Scorsese elicits some great suspense from the material, the highlight of which comes when Costigan tracks Sullivan as he leaves a movie theater, shadowing him down dark streets and alleys, always just missing a glimpse of his face. Nicholson is also effective in establishing Costello as a truly menacing figure, although Scorsese lets him off the leash a bit in the last reels; particularly "Jack" is a scene where Costello impersonates a rat, of the whisker-twitching rodent variety.

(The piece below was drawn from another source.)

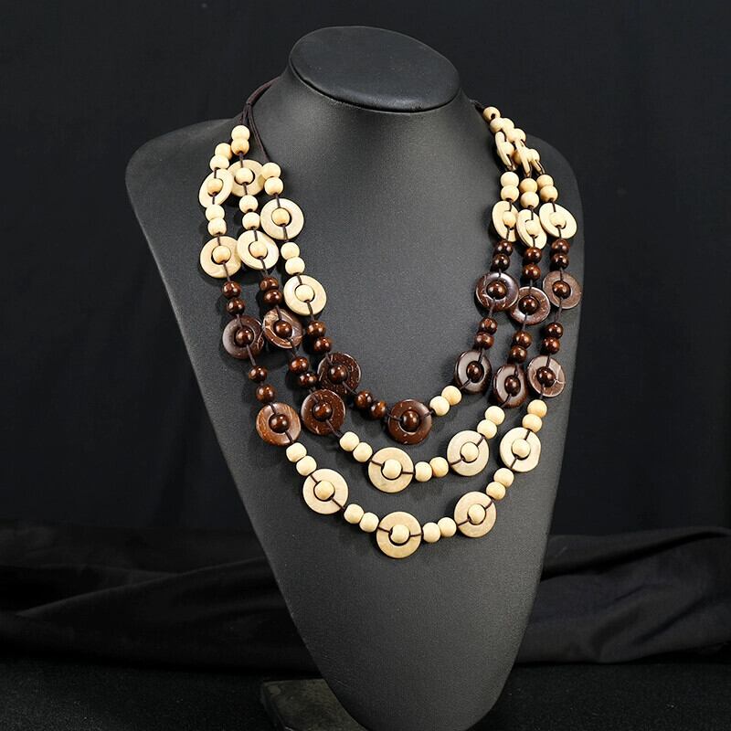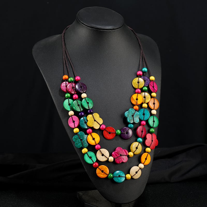 ヨーロッパとアメリカのレトロボヘミアンココナッツシェル木製ネックレス織りロングセクション多層カラフルな女性のセーターチェーンホリデーアクセサリー レッド レース ヨーロピアン shipin67707594060

Ray Winstone, always a great heavy, is quite convincing as Costello's enforcer, the kind of guy you wouldn't want striding up to you in a neighborhood bar. Less believable are the cops played by Wahlberg and Alec Baldwin, who go a bit overboard with the tough-guy swearing. When Joe Pesci does it, you buy it; in "The Departed" it seems more like movie-cop talk than something off the street. Vera Farmig, playing a shrink that Sullivan's dating and Costigan's seeing, comes off as pretty superfluous, except to accentuate how much these men have in common.
And that's where you can catch the hand of Scorsese, in the idea that, as Costigan puts it, "They used to tell us you could be cops or criminals. When you're facing a loaded gun, what's the difference." Perhaps catching a stray strand of karma leftover from "Kundun," Scorsese tells the stories of the cop and the criminal in parallel, cutting back and forth, lingering on their similarities, the ease with which each man can pose as his opposite.